Ana Vidal Pinheiro foi uma das 95 médicas veterinárias da zona norte a responder ao apelo, num total de 339 a nível nacional. Os próximos passos serão da responsabilidade da Ordem dos Médicos Veterinários e do Ministério de Saúde. “Pediram-nos para disponibilizar tanto a carga horária como a zona. Caso seja necessário, sairá a listagem dos meios para onde vamos ser destacados. Deixaram em aberto [a zona], mas obviamente que, pela proximidade, Guimarães será o meu foco de atuação”, aponta.

Numa altura em que “os meios são escassos, tanto a nível de equipamento, como de mãos”, Ana Vida Pinheiro considera que a Ordem dos Médicos Veterinários “tem feito um trabalho extraordinário, no sentido em que acha que a classe é capaz de ser uma mais valia”. “Ao fim e ao cabo, a parte técnica é a mesma, o que muda aqui é o paciente”, explica. Na verdade, parte da formação dos veterinários é comum à dos médicos de humanos e ambas as profissões usam muitas vezes as mesmas técnicas e equipamentos.

Em paralelo, está ainda a ser feito um outro levantamento dos ventiladores que estão em clínicas veterinárias e que podem também ser usadas em humanos, num equipamento que se sabe que é muito usado nos casos críticos de Covid-19 e que tem feito falta nos países até agora mais afetados pela doença.
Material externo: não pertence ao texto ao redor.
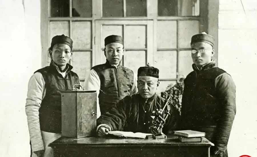 图中木盒旁的黑色小管子叫显微镜,旁边摞着洋书,老师目不转睛地翻页,几个学生站在侧后等着演示,这种课进了新式学堂才有,先在酒精灯边消毒载玻片,再把样品放上去,对准镜筒一下一下拧焦距,第一次看见细胞那会儿,估计谁都会倒吸一口凉气吧。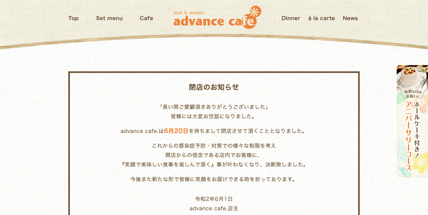 advance cafe.(アドバンスカフェ)が6月20日に閉店予定です。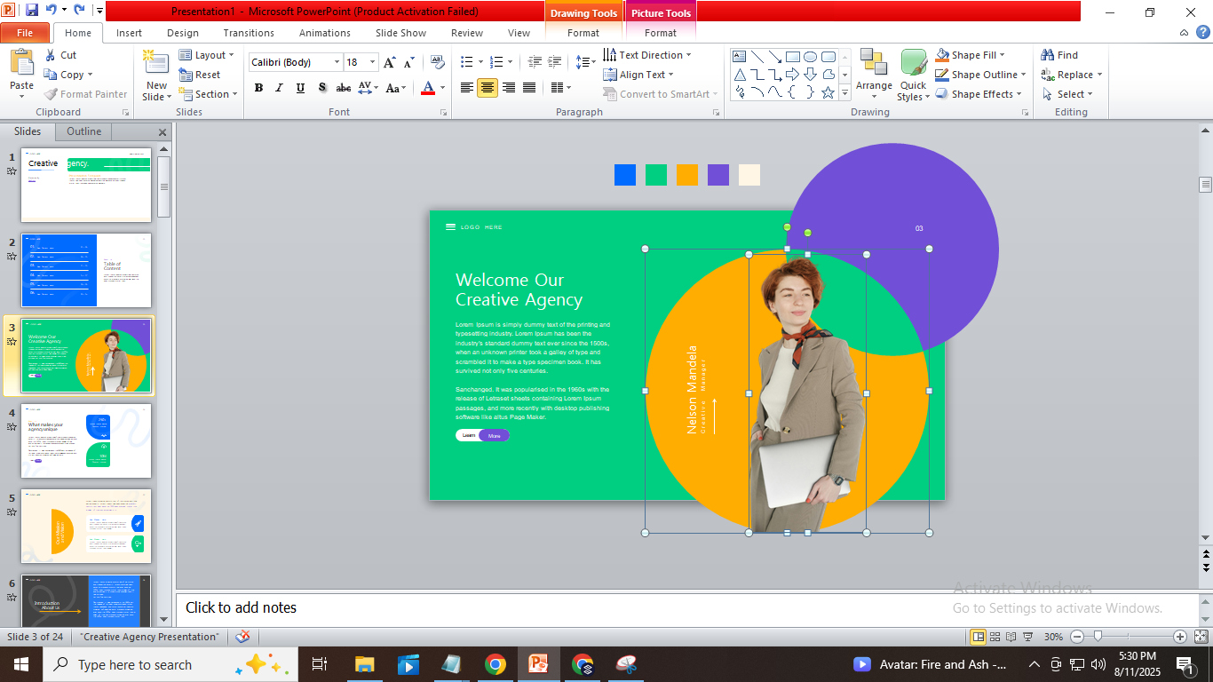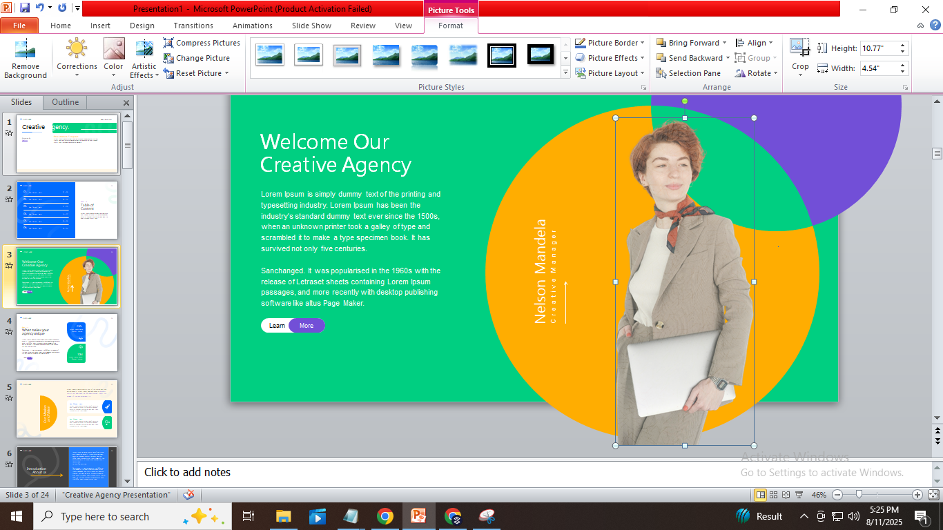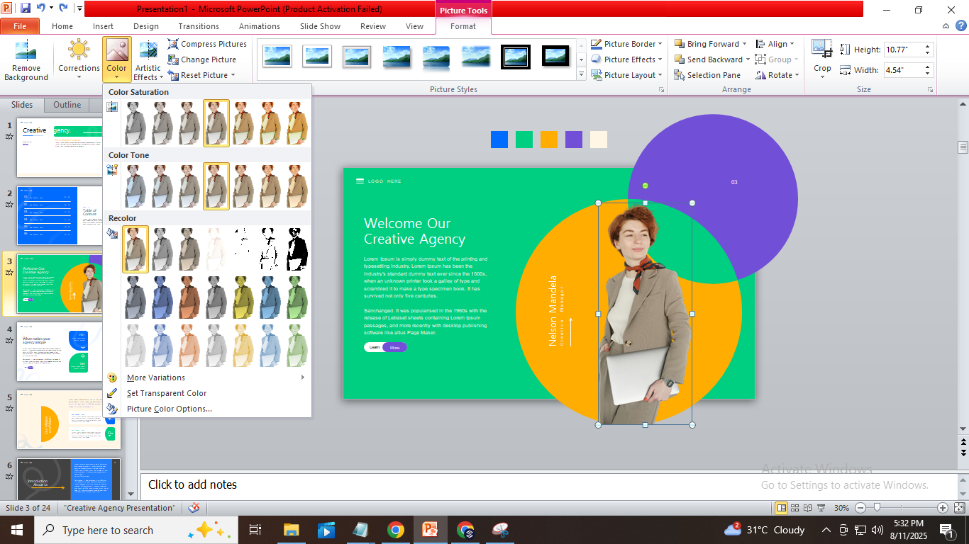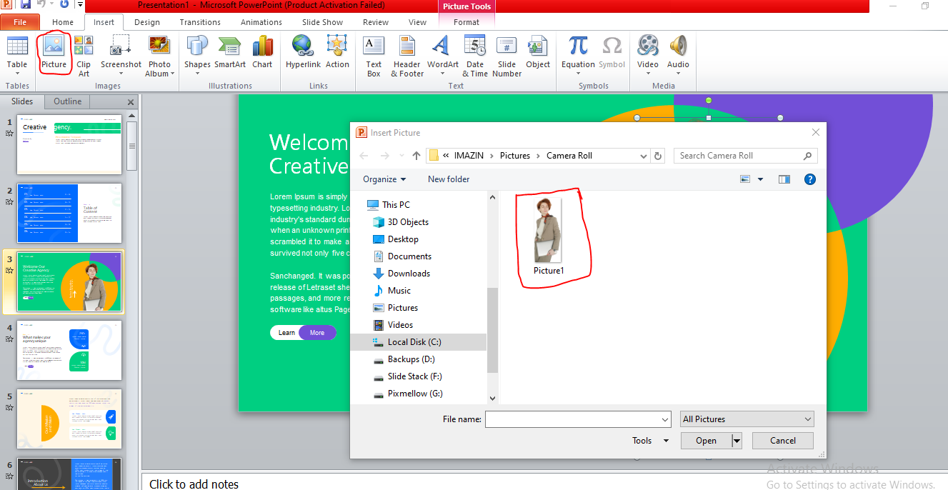 PowerPoint lets you add pictures from your computer using Insert → Pictures. You can also insert images stored in OneDrive or other cloud accounts linked to PowerPoint. This gives you easy access to photos saved online without downloading them first. For this post, we added an image to the title slide of the Creative Agency Presentation Template by replacing the sample image.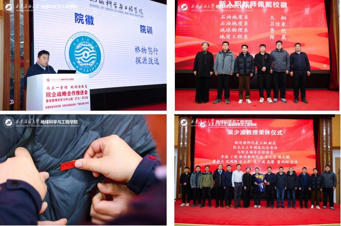 为贯彻落实学校“三个年”建设部署,深化“院所制”改革,12月22日,地球科学与工程学院“同上一堂课 砥砺谱新篇”院企战略合作推进会暨党委理论学习中心组(扩大)学习会在雁塔校区举行。会议以“党建赋能改革发展,科研协同驱动创新,产教融合聚力攻坚”为主线,通过联合研究院揭牌、前沿学术报告、专题思政课与学院内部建设系列议程,汇聚发展共识,擘画未来蓝图。校长王进富,长庆油田首席技术专家喻健,西安石文软件有限公司董事长、总经理张小会,副总经理杨静波,校友工作与合作交流处相关负责人等校企嘉宾及全院师生代表共同参会。学院党委书记高黎主持会议。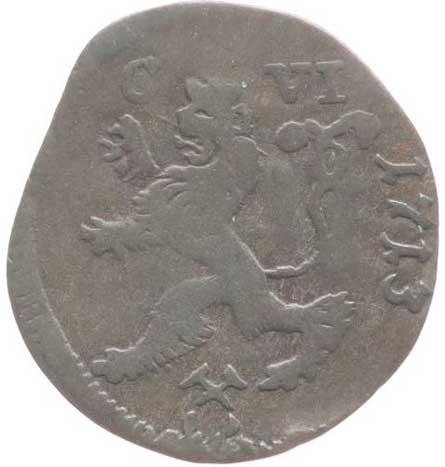 | 489. | 1/2 Krejcar 1713, Praha-Ritter, J.4a, MKČ.1843 | 2/- | 1500,- | --.- |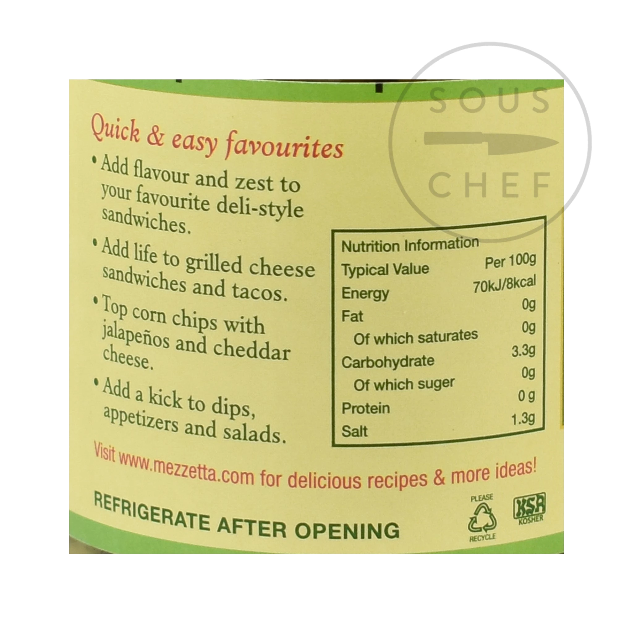 Ingredients: peperoni jalapeño (46%), acqua, aceto distillato, sale marino, rassodante: cloruro di calcio, aroma naturale, curcuma.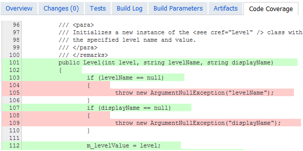 请注意,高亮显示不仅可以显示覆盖和未覆盖的代码,还可以显示覆盖单元测试的结果。 绿色表示测试通过,红色表示至少有一个覆盖语句的测试失败。 灰色显示未覆盖的代码。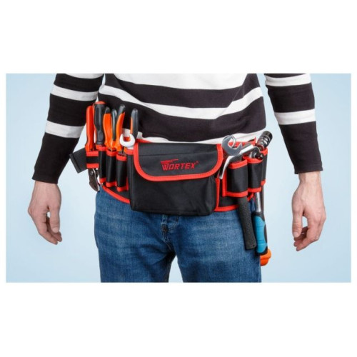 Пояс для инструмента нейлоновый WORTEX BB 5609 предназначен для переноски инструмента и оснастки. Представляет возможность иметь необходимый предмет в зоне прямого доступа. Экономит время при высотных работах и в остальных случаях, когда нужно преодолеть расстояние за понадобившейся оснасткой. Изготавливается из прочного износостойкого нейлона. Крепится на бедрах или талии застежкой типа фастекс. Конструкция подразумевает наличие большого центрального подсумка (140х180 мм), а так же 7 отделений для крепежа и мелкогабаритного инструмента.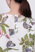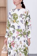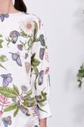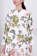 ★草花や蝶などが描かれたボタニカルプリントで、装いに華やかさとナチュラルな雰囲気をプラス。

Segundo Ana Vidal Pinheiro, foram “bastantes” os médicos veterinários que disponibilizaram material que poderá ser necessário. “A maioria dos materiais que temos é comprado a produtores de humana. São completamente adaptáveis”, assegura.

Como profissional de saúde, Ana Vidal Pinheiro considera que “está a haver um ambiente de muito medo, um medo irracional”. “Temos e devemos ter cuidados, mas também manter a racionalidade. Com os mínimos podemos proteger-nos e não levar nada ao extremo”, assegura.

A vimaranense acrescenta que será importante referir “a necessidade de uma maior consciência ambiental”. “Se não pararmos a bem, paramos a mal. Nesta situação em específico não há culpados, mas sim responsáveis, todos nós. Devemos olhar para todas estas catástrofes como avisos da natureza que chegou a hora de mudar comportamentos, atitudes, consciências. Sejamos responsáveis por um bem maior que nós: a vida”, finaliza.